On the other hand, it is equally interesting to recall how people (read HINDU neighbours) reacted to this. “Isn’t it a Muslim University?”” Will you be comfortable amidst such a restrictive environment?”; “Won’t it be difficult for you to mingle with the crowd there?” In spite of my constant re-assurance that MCRC(as we fondly call it) is a ‘modern’ institute admitting even non-muslim students and giving them all the freedom that they would otherwise crave for, they would remain doubtful. Finally I had no choice but to say what I hate saying the most “Barkha Dutt, Kiran Rao, Harsh Chhaya, Roshan Abbas, Shah-Rukh Khan are all from my college” It worked and hmm…. suddenly Jamia regained its respect in their eyes.
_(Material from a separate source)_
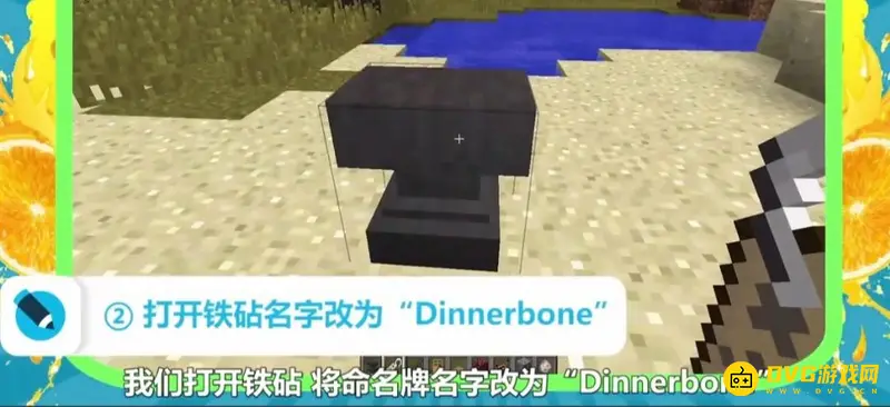 2.打开铁砧,将命名牌名字改为“Dinnerbone”。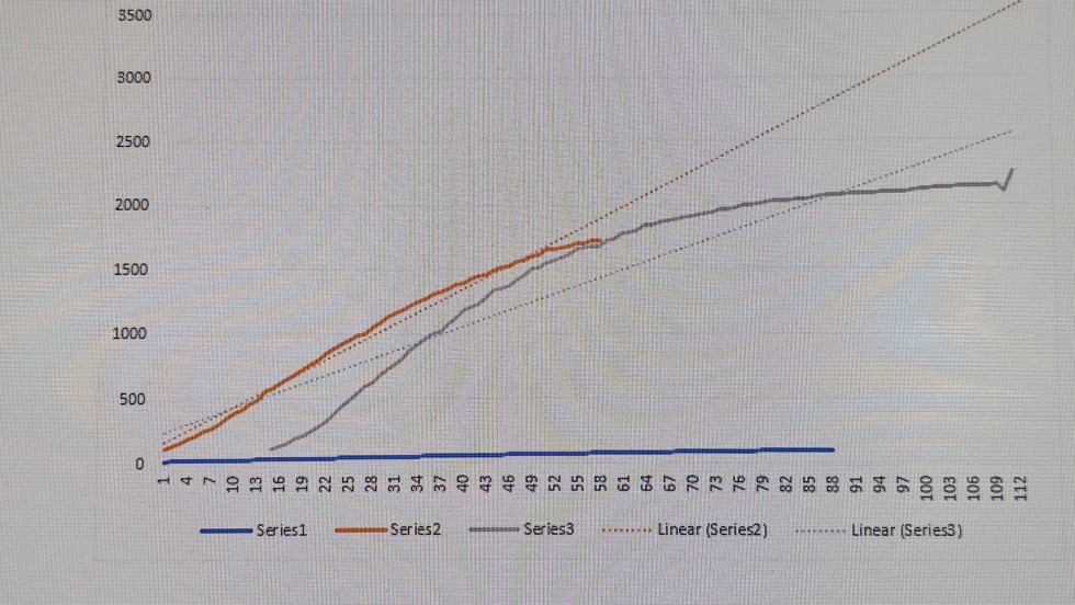 The long grey line is last year's 2252.5. The orange line is this year's 2144 that started early but never hit the super big growth period and flattened off early....a little disappointing. With 3 still on the go, we're hoping to top 4300 lbs to get Janet a jacket.

What irks me the most is -Why is it that the success of students becomes the only yardstick to judge the standard of an educational institution? Why do people fail to recognize the worth of the institution minus the starry glamour of students? My school in Delhi-‘Delhi Kannada School’ may not have produced politicians, actors or CEO’s for that matter! But yes it has produced students who have the will and motivation to work hard in any given work-place, to stand up for truth and honesty. I therefore see no reason why I shouldn’t celebrate having belonged to an institution which has produced Mr. Sunil Khurana, Dr. Indira, Mr. Venkatesh, Ms Mandal and many others who are shining in the corporate world, healing their patients, fighting against injustice or simply teaching?.

I have witnessed parents cry foul over the teaching methods adopted in so called ‘reputed’ schools. What parents don’t realise is that a good school is not just about its fancy building, plush flooring, or its huge area!. Its more about the teachers and their teaching methods. I am not saying that all ‘reputed schools are bad’. Of course not!. Had this been the case they wouldn’t have attained that status in the first place. But I feel its high time that we look beyond the glitz and glamour quotient and acknowledge what really matters!